On Tuesday, May 12, at 6 p.m. in the Piovano Room of the Rockbridge Regional Library, the Oscar-nominated “Harriet” extends RHS’ “Revolutionary Films” series. Its focus on Harriet Tubman - and on the broader networks she courageously cultivated signal one iconic personal and systematic “Pathway to Freedom,” through what came to be known as “The Underground Railroad.”
Less familiarly, historians and school curricula have come to foreground Tubman’s groundbreaking service as a riflebearing leader of troops, during the Civil War itself. Having already served as a spy, scout and nurse, Harriet Tubman became the first American women to lead an armed assault, in the 1863 Combahee River Raid: guiding Union gunboats, destroying Confederate supplies, and liberating over 750 enslaved people in coastal South Carolina.

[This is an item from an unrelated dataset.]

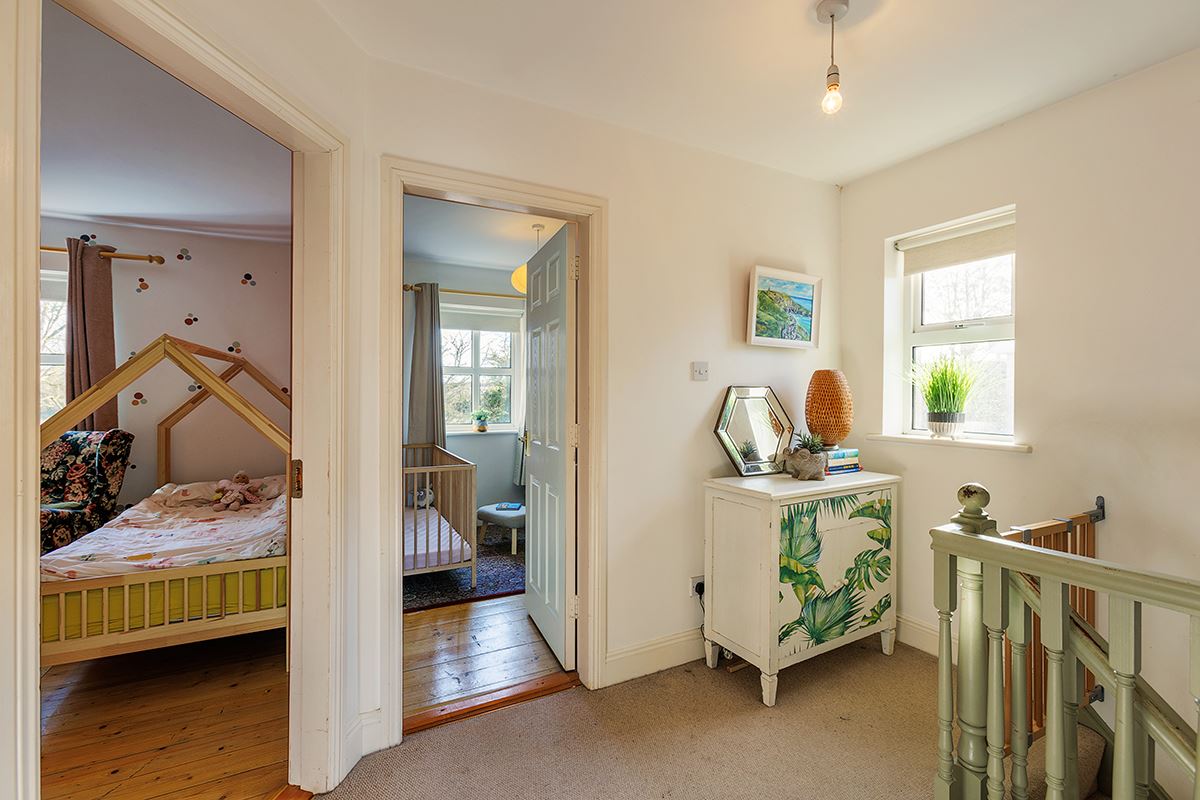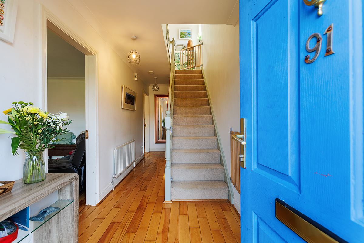This light-filled and spacious home comprises an inviting entrance hall, generous living room ideal for relaxing, and a large kitchen/dining area that flows seamlessly into the sunroom. Flooded with natural light from Velux windows and a high ceiling, the sunroom also features sliding doors opening directly onto the rear garden. The ground floor further benefits from a versatile bedroom, currently used as a gym, complete with a convenient en-suite. Upstairs, there are three well-proportioned bedrooms (including a master en-suite) and a main family bathroom.

May 27 stages the next community reading discussion in RHS’ “Revolutionary Books” series, starting at 6 p.m., also in the Piovano Room. Students and lifelong learners are invited to look to Prince Edward County, and to discuss Melvin Patrick Ely’s Bancroft-award winning “Israel on the Appomattox.” The town of Israel Hill was situated on a bluff overlooking the Appomattox River, and founded in 1810 by 90 formerly enslaved people freed through the wills of the Randolph family.